Should all restaurants cater to young families?
Last year, this question was at the center of a Facebook debate involving a popular Canadian restaurant chain.
A woman dined out with her husband and 9-month-old son at Earls in North Vancouver, British Columbia, and they quickly learned that children were not welcome.
“I was quite disappointed when we asked our hostess for a highchair and were told that the restaurant didn’t have any.
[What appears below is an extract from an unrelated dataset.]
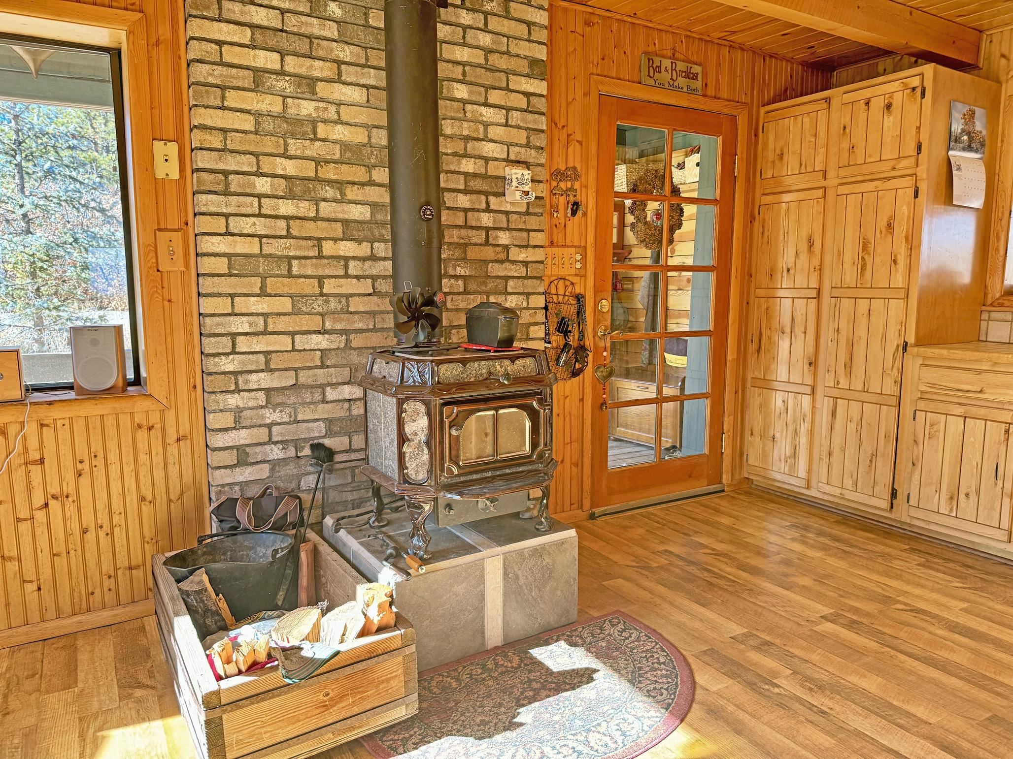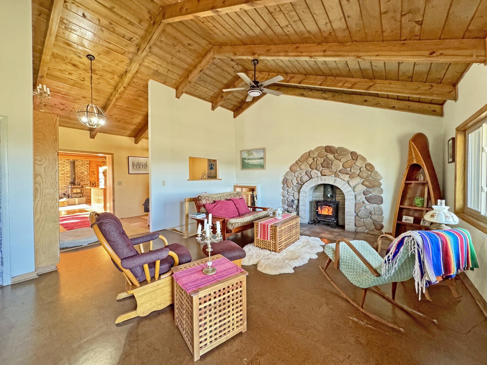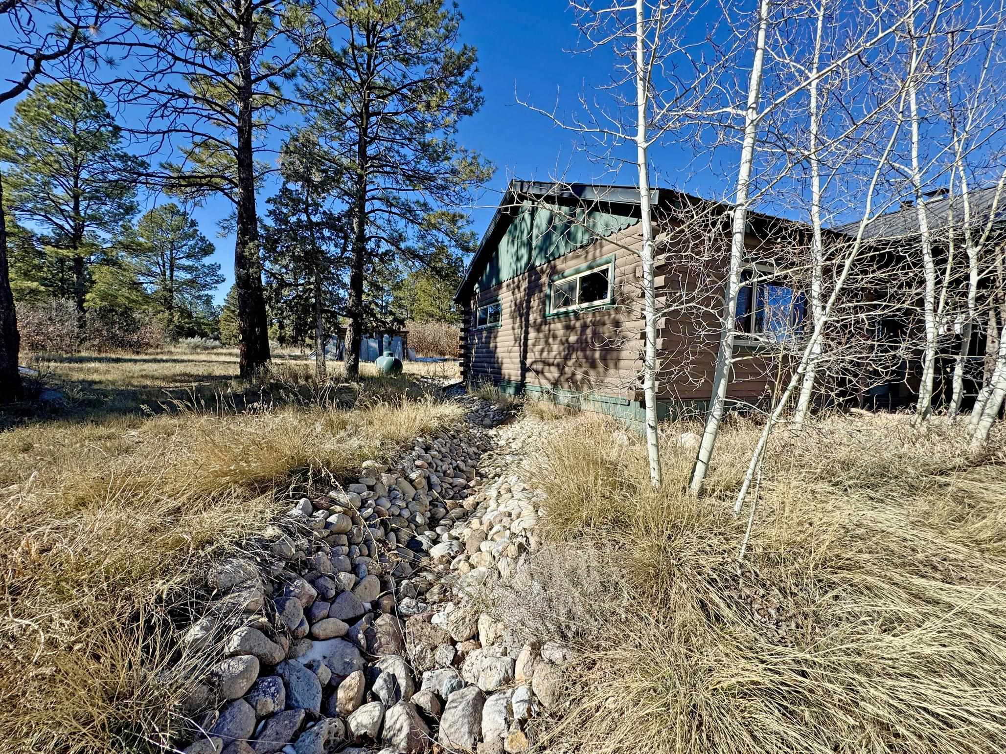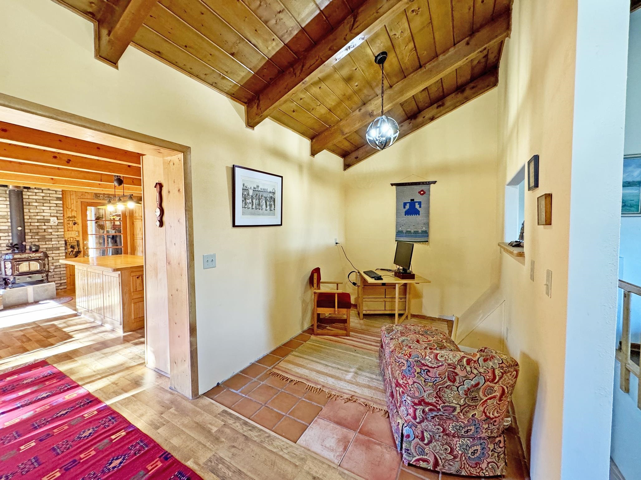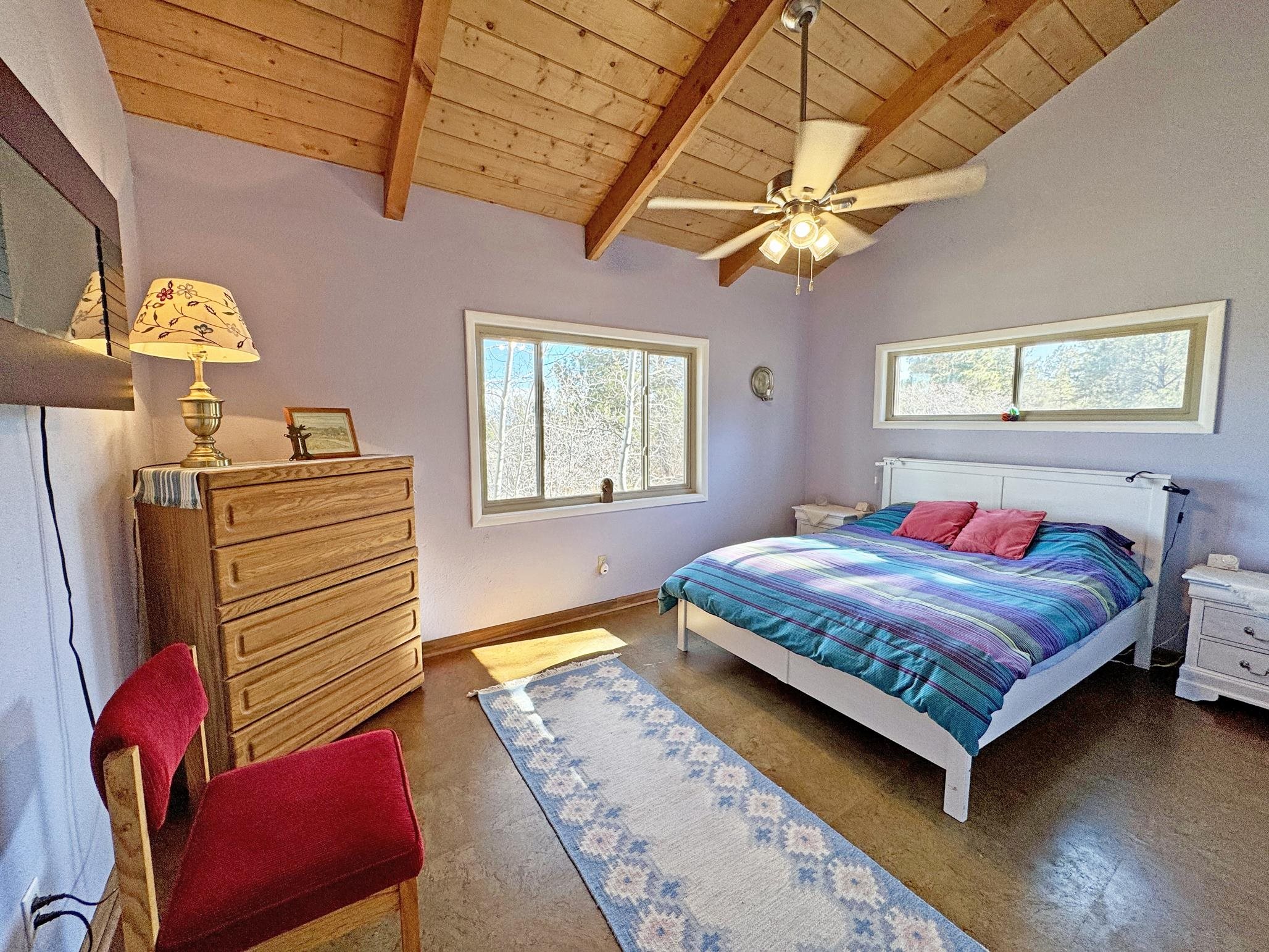Escape to your own piece of Northern New Mexico paradise! This beautifully maintained split-level premium log cabin in the peaceful Highland Estates subdivision of Tres Piedras offers the perfect blend of rustic charm and modern updates. Surrounded by stunning mountain views, wide-open spaces, and starry night skies, this property is ideal for those seeking privacy and outdoor adventure such as hiking, skiing, rafting and the Rio Grande Gorge. This cabin in the woods is located in the beautiful Tusas Mountains half an hour west of Taos, half an hour north of Ojo Caliente Mineral Hot Springs, and an hour and a half away from Santa Fe. Step inside to vaulted ceilings, warm wood accents, and multiple heating sources for cozy year-round comfort: wood stoves in the kitchen, living room, and expansive primary suite (converted from the original garage), wall heaters in the living room and primary, plus luxurious in-floor radiant heat in the main bathroom. The main level features an open kitchen with hardwood floors and brand-new stainless-steel refrigerator and range, an inviting living room, dining room (currently used as a home office) with authentic Saltillo tiles, a primary suite with cement floors and private wood stove, two guest bedrooms with cork flooring and ceiling fans, and the main bathroom. The fully finished basement adds versatile living space with tile floors throughout, an additional bedroom, 3/4 bathroom, and plenty of room for a family room, guest quarters, or recreation area. Enjoy outdoor living at its finest with two covered porches—one east-facing for morning coffee and one west-facing for spectacular sunsets. The 2-acre property is fully fenced with chain-link for privacy and security, and includes a storage shed, garden shed, and wood shed. Recent upgrades include all-new rain gutters, a new mudroom, a one year old on demand electric water heater, a French drain where water from graveled driveway drains off from and electric heating cables on the roof to effortlessly melt winter snow. Practical features abound: propane tank for gas heating/cooking, septic system, community water, reliable cell service and high-speed fiber optic internet already on the property. This turnkey mountain retreat is ready for you to move in and start living the serene Tres Piedras lifestyle.

Our hostess offered us a booster seat, but as any parent knows – a booster seat is completely useless with a baby,” she wrote on Earls’ Facebook page. “I was also unhappy to find there was no change table in the restroom (most restaurants will have them discreetly installed on the wheelchair stall wall).”
Hundreds of people chimed in on this subject, with half of the commenters saying they don’t want to hear crying babies while they dine out, and the other half arguing that restaurants can’t discriminate against families.
Now, another Canadian restaurant is in the news as this debate rages on. But on the contrary, Carino Bistro in Calgary, Alberta rewards parents who have “well behaved kids.”
As such, a photo from the eatery has gone viral, showcasing a receipt handed out to a family with a toddler, which included a $5 discount for their stellar tot.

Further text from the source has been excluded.